Quiet quitting might be on the rise, but that doesn’t mean your organisation is helpless. By executing positive changes that provide your team with better conditions, you can help them avoid feeling overwhelmed at work.

1. Open communication channels

Communication is crucial to reducing workplace unhappiness. If employees are unmotivated to complete their role, having open communication channels means they feel comfortable discussing their issues with management instead of going down the quiet quitting route.

By fostering a culture of honest discussion, you can learn about the issues your team faces individually and as a group. With this information, you can make specific accommodations that improve their work-life balance and deliver a higher level of productivity.

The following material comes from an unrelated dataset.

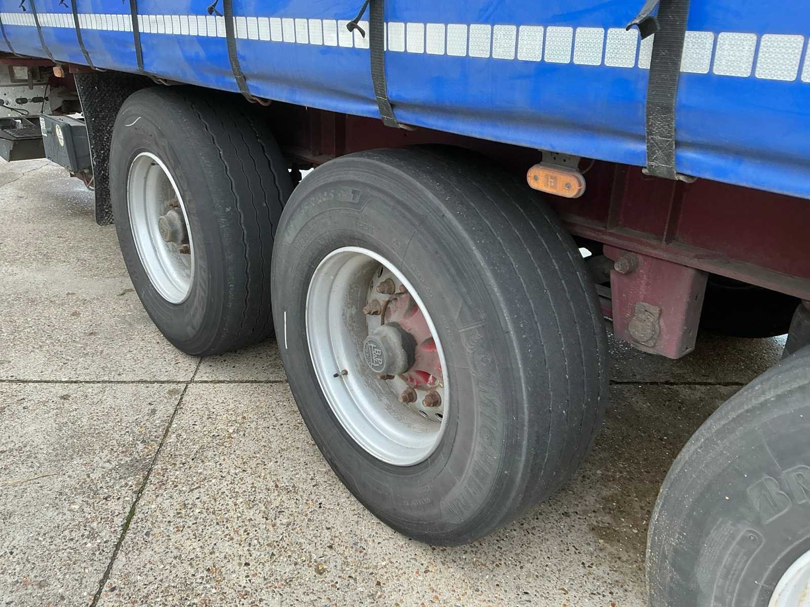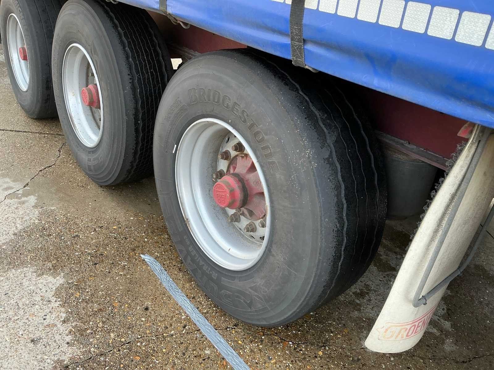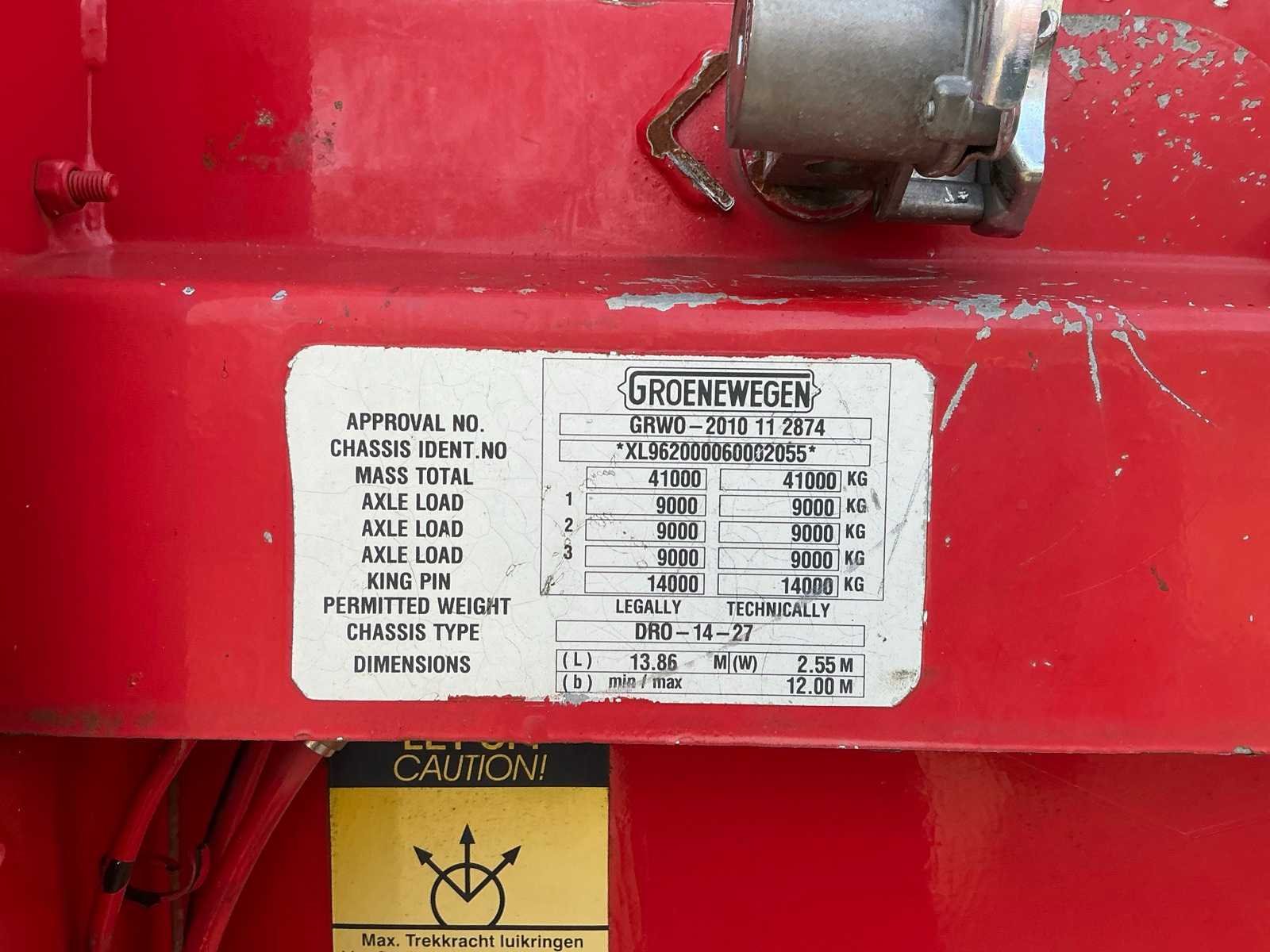 Max massa 41000kg., wielbasis 879cm; Afstand hart koppeling tot achterzijde voertuig 1200cm, As 1 uitgevoerd als hefas; Voorzien van luchtgevverde BPW Eco assen, aluminium schotten en AMA laadklep Nee Merk: Groenewegen Type: DRO-12-27 Type aanhangwagencarrosserie: Tautliner Bouwjaar: 2006 Chassisnummer VIN: XL962000060002055 Kenteken: OJ-87-DS Datum eerste toelating (NL): 2006-02-06 Datum eerste toelating: 2006-02-06 APK vervaldatum: 2026-03-02 Aantal assen: 3 Laadvermogen: 33700kg Hydraulische laadklep: true Eigen gewicht: 7300kg Totale afmeting L: 13860mm Totale afmeting Breedte: 2550mm Zelf rijdend exporteren: Ja

2. Stop the hustle mindset

Over the last decade, many businesses and their leaders have adopted the hustle mentality that expects everyone to work as hard as possible. Yet with fewer employees buying into this mindset following the pandemic, don’t be surprised to learn your team has quietly quit while you’re working day and night.

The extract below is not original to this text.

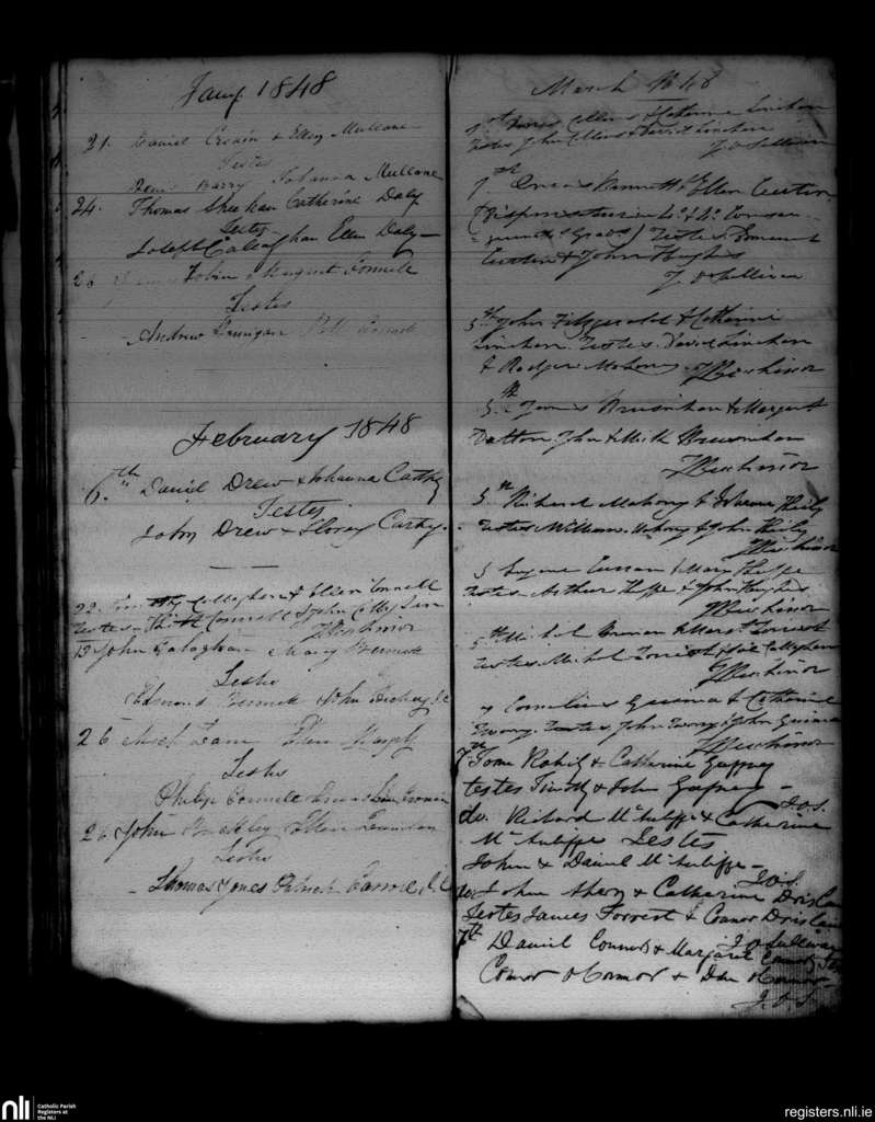 Newmarket; County of Cork; Diocese of Cloyne. Marriages, Jan. 1848 to Mar. 1848

While a hustle mentality might have gotten results in the past, it’s also caused workers to experience severe burnout that harms them and your business. Encourage a different, more positive philosophy that values your workers and their personal time to ensure everyone achieves success together.

3. Create new opportunities

Most employees want to feel like they’re making progress, not standing still. Even if someone finds their job rewarding initially, after a few months or years of completing the same tasks, they might decide it’s time for a challenge.

This means you must constantly offer new opportunities for your workforce. Whether that’s growing someone’s role alongside their wage or handing out new job titles with different responsibilities, this approach is critical to keeping your team from quiet quitting.